11 ... Master station, 111 ... Protocol control section, 112 ... Reception circuit,
113 ... Transmitter, 12, 121, 122, ... Slave station, 21 ... Receive circuit, 22 ... Format check circuit, 23 ... Error check code check circuit, 24 ... Bit error check circuit, 25 ... Timing signal generation circuit, 26- 28 ... AND circuit, 29 ... Transmission circuit, 30 ... OR circuit.

Claims (3)

[Claims] 1. A receiving means for transmitting a transmission signal of a predetermined format to a transmission line, and a receiving means connected to the transmission line for receiving the transmission signal from the transmitting means. The format confirmation unit for confirming the format of the transmission signal transmitted through the transmission line, the error confirmation unit for detecting a signal error from the transmission signal transmitted through the transmission line, and the format confirmation unit confirms that the format is normal. A positive response sending means for sending an affirmative response to the transmission line in a state where the error is confirmed by the error confirmation means, and the format confirmation means confirms that the format is normal, and the error confirmation means generates an error A negative response sending means for sending a negative response to the transmission path in a state where the occurrence is confirmed, When the abnormality of the format is identified in preparative confirmation means, the data communication is characterized in that none of the positive and negative responses was being dispatched device. 2. The transmitting means is composed of one master station, and the receiving means is composed of each of a plurality of slave stations connected to the master station via a transmission line.

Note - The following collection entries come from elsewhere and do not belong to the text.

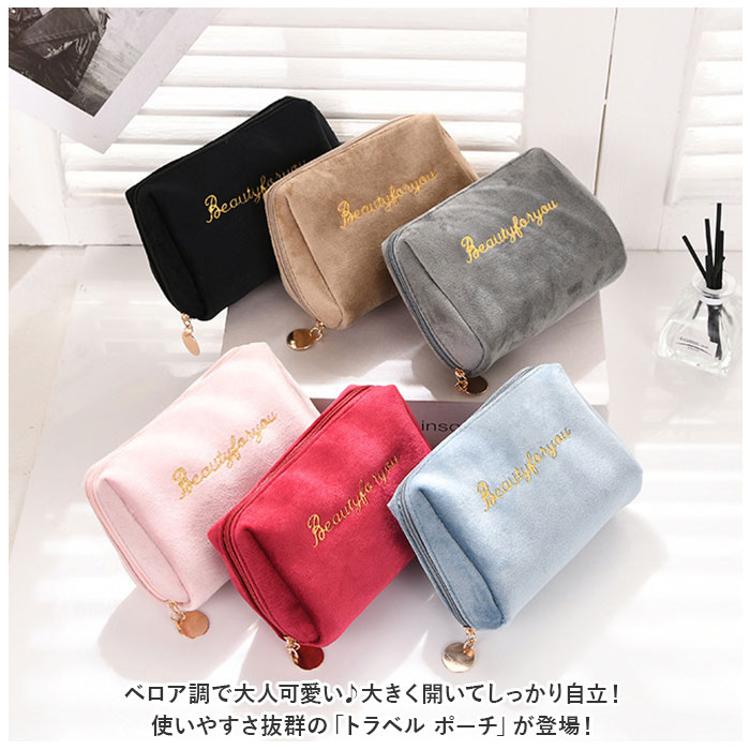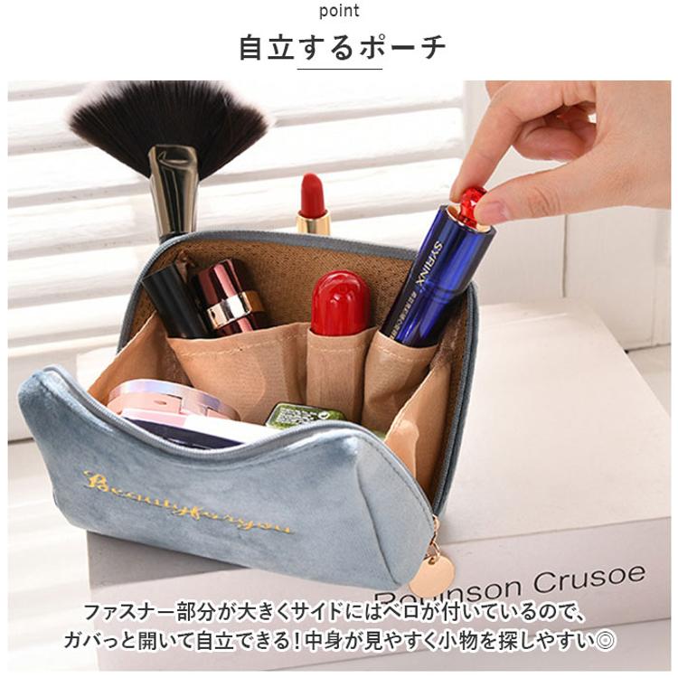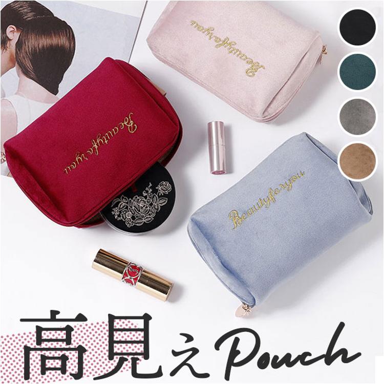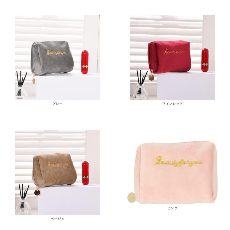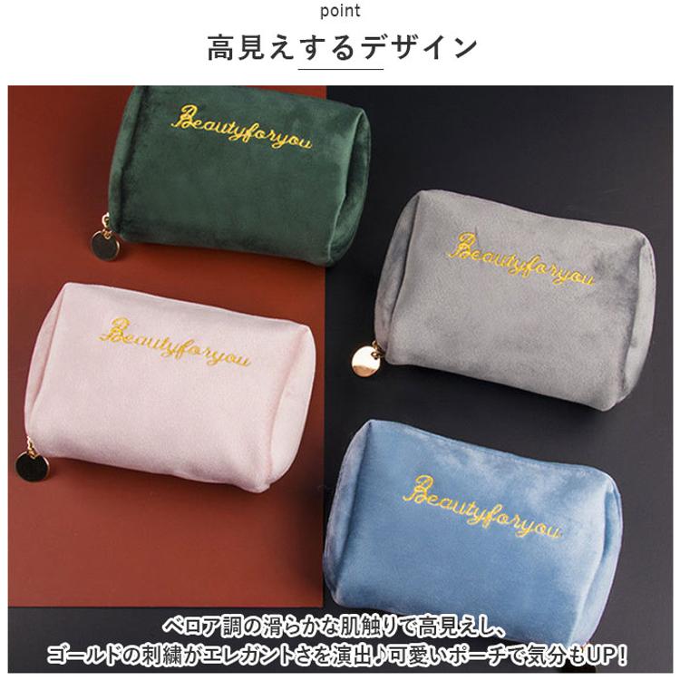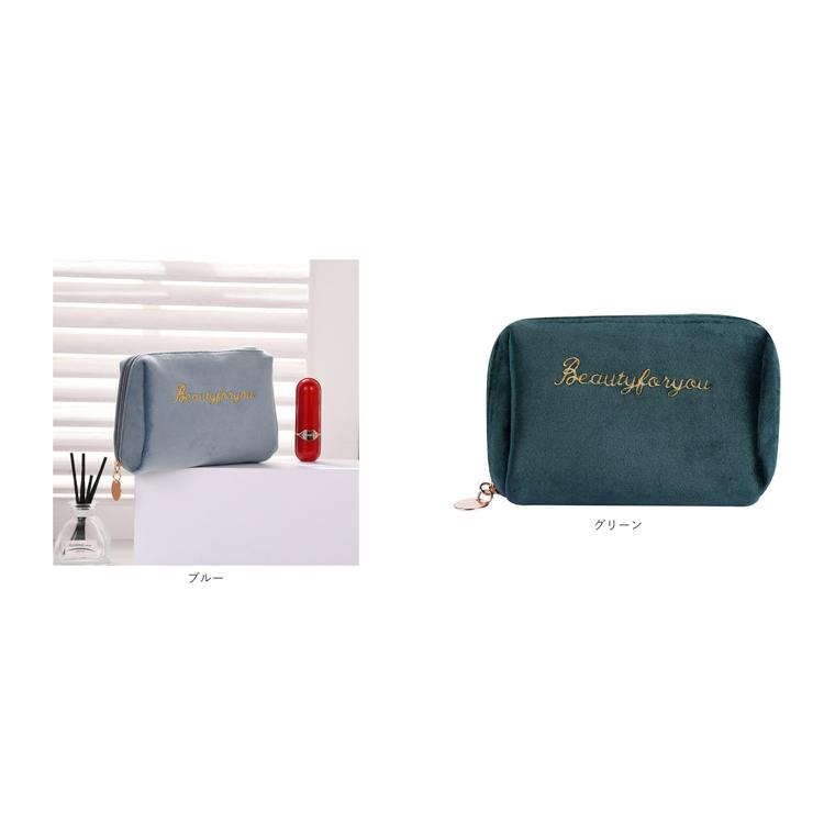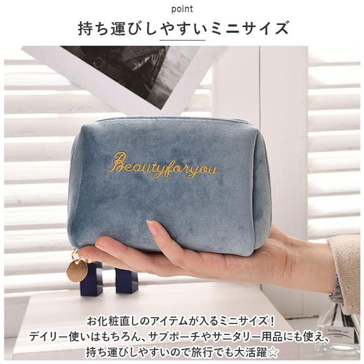 ・ベロア調の滑らかな肌触りで高見えし、ゴールドの刺繍がエレガントさを演出♪可愛いポーチで気分もUP!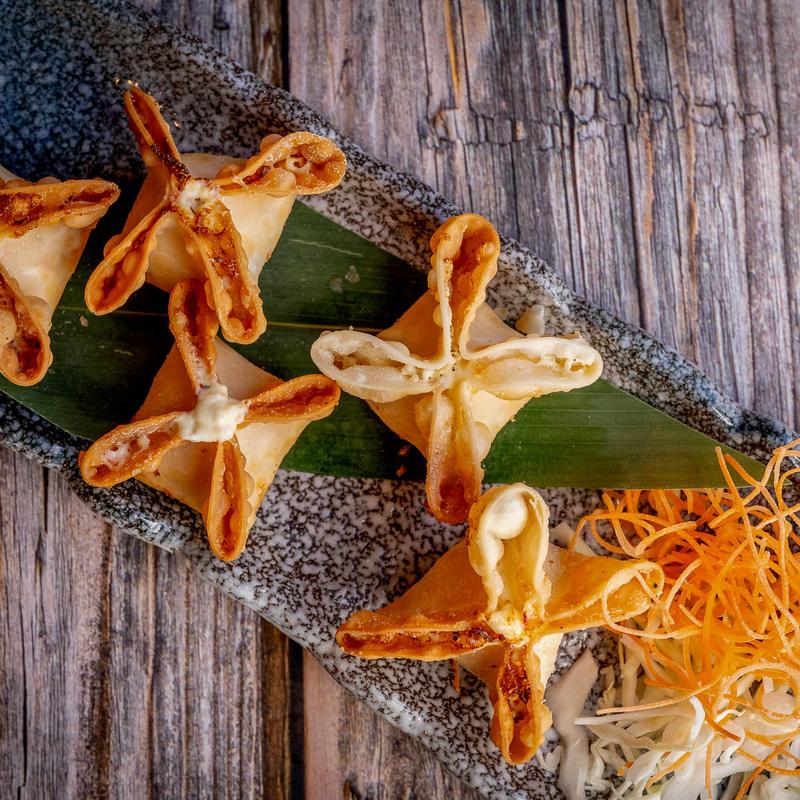 Crispy wonton filled with cream cheese, crabmeat, and vegetables, served with pineapple sauce.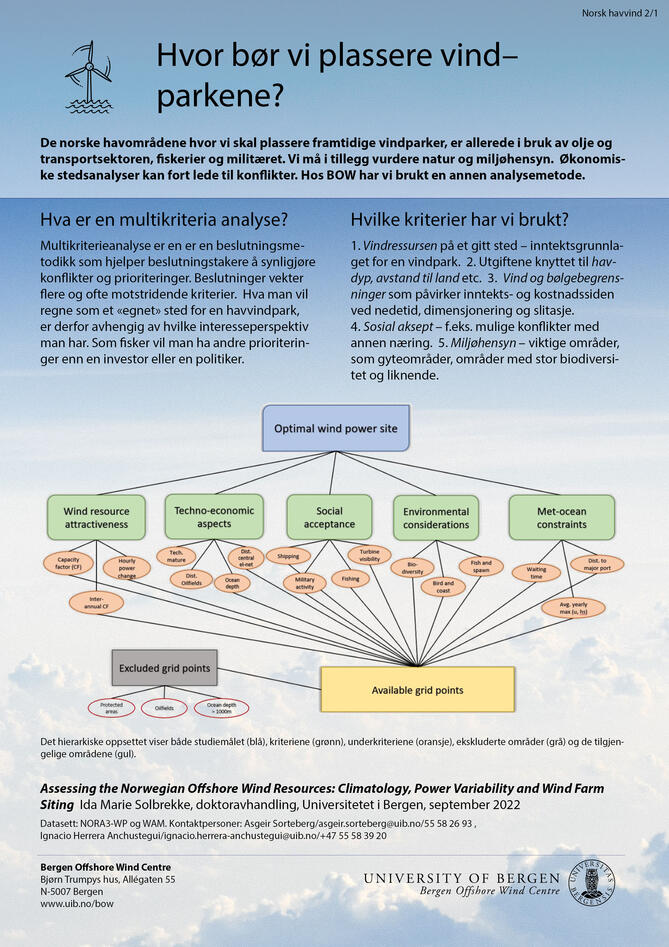 Ida Marie Solbrekke har sammen med Asgeir Sorteberg brukt en metode kalt «analytisk hierarkisk metode (AHP)hvor de har inkludert kriterier innenfor vindressurser, teknoøkonomiske aspekt, sosial aksept, miljøhensyn og maritime begrensninger knyttet til vind- og bølgeforhold.
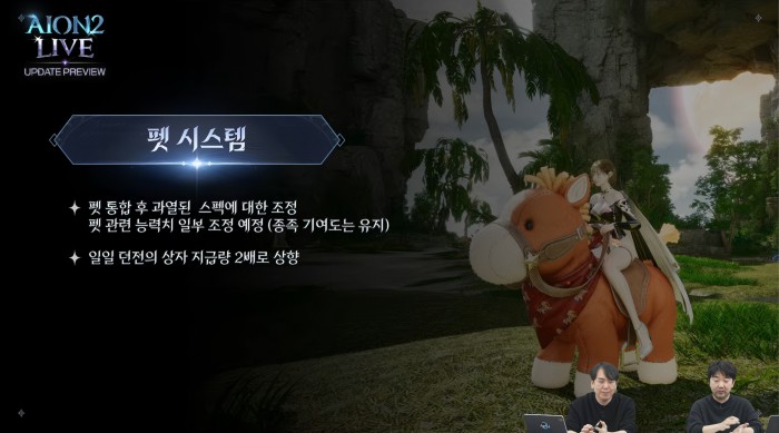 지난 업데이트에서 가장 핫했던 펫 시스템의 서버 캐릭터 내 공유 요소에 대한 수정을 예고했다. 펫 통합 후 과열된 스펙에 대한 조정이 이뤄지며, 펫 관련 능력치를 일부 조정한다. 다만 종족 기여도는 유지할 예정이다. 이와 더불어 일일 던전의 상자 지급량을 2배로 상향한다.

The data communication apparatus according to claim 1, wherein multiple communication is performed between the master station and each of the plurality of slave stations. 3. A frame format forming the transmission signal has a plurality of data blocks, each of which is formed by a plurality of bits including a frame start code and a 1-bit inversion bit for synchronizing, arranged in series. The frame end code is set by sequentially setting a positive response area and a negative response area following the data end code. The format confirmation means sequentially stores bit data forming the frame format. 2. The normality or abnormality of the format is determined by a logic circuit which is composed of a shift register which is combined with the inversion bit of each of the plurality of data blocks and the detection signal of the frame start code. Data communication device.